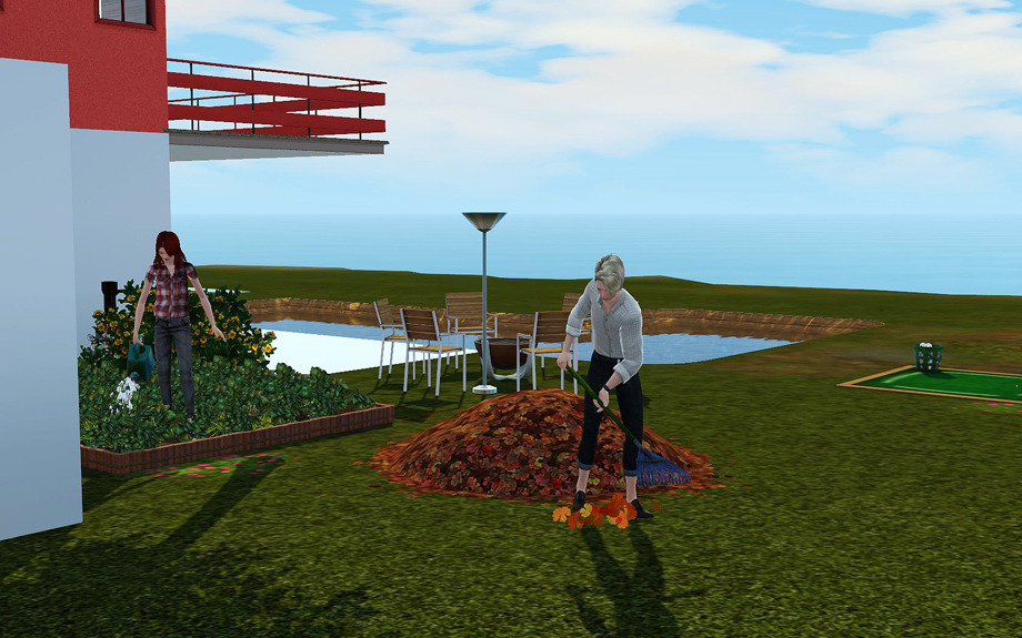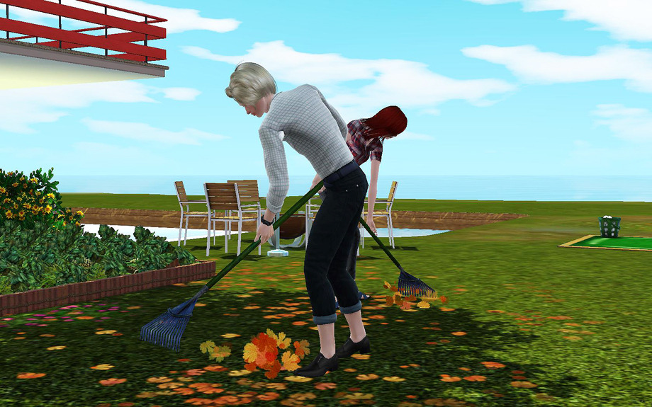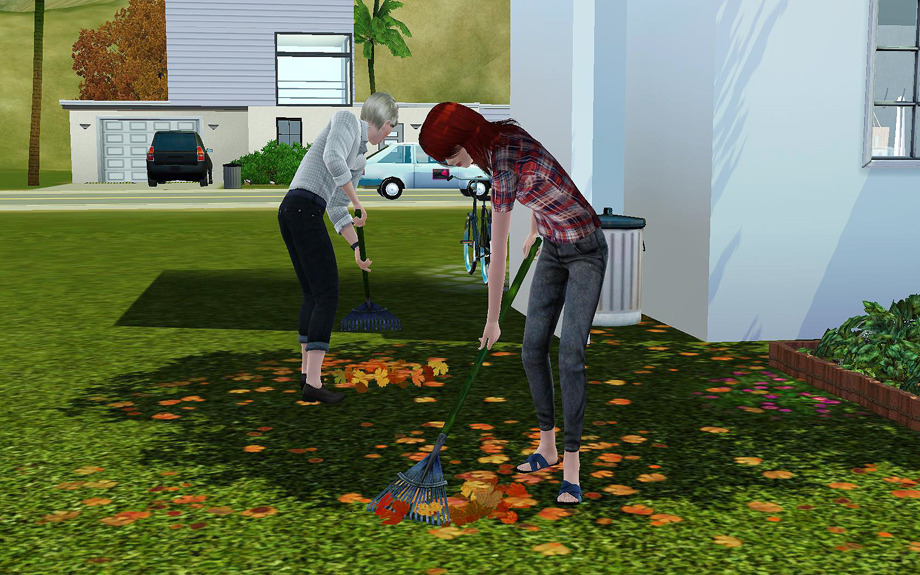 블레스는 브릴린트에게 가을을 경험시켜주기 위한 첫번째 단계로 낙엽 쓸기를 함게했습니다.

■ ■ ■

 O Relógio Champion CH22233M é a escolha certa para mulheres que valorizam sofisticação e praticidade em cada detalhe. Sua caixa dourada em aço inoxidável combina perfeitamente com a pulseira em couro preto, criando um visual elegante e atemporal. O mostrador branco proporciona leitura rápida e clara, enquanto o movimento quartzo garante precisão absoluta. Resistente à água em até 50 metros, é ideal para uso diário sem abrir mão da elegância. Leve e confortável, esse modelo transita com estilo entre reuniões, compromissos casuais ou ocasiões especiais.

■ ■ ■

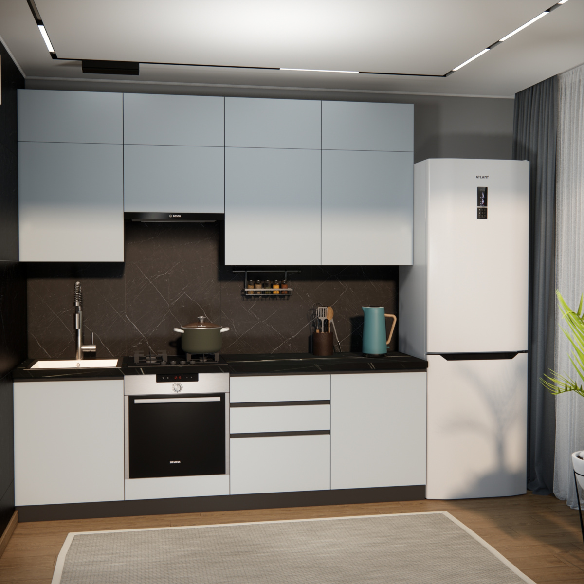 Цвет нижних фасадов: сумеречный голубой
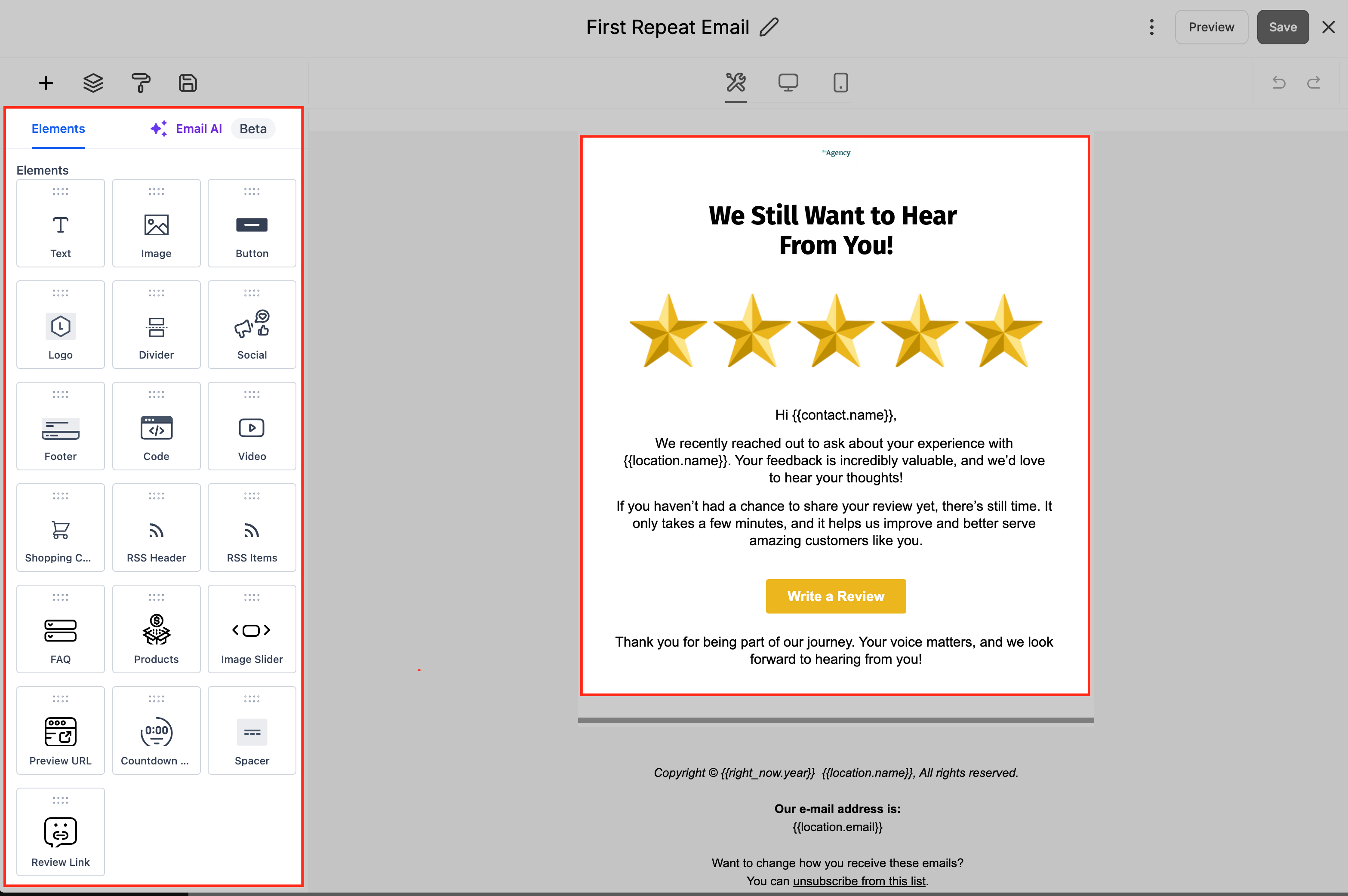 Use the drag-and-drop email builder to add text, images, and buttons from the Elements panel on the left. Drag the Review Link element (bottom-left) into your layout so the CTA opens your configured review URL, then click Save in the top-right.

■ ■ ■

**The task:** Beginning with the line above that contains "Цвет нижних фасадов: сумеречный голубой" and finishing with the line that contains "Use the drag-and-drop", print those lines exactly and only. Skip all pictures.

**Answer:**
 Цвет нижних фасадов: сумеречный голубой
 Use the drag-and-drop email builder to add text, images, and buttons from the Elements panel on the left. Drag the Review Link element (bottom-left) into your layout so the CTA opens your configured review URL, then click Save in the top-right.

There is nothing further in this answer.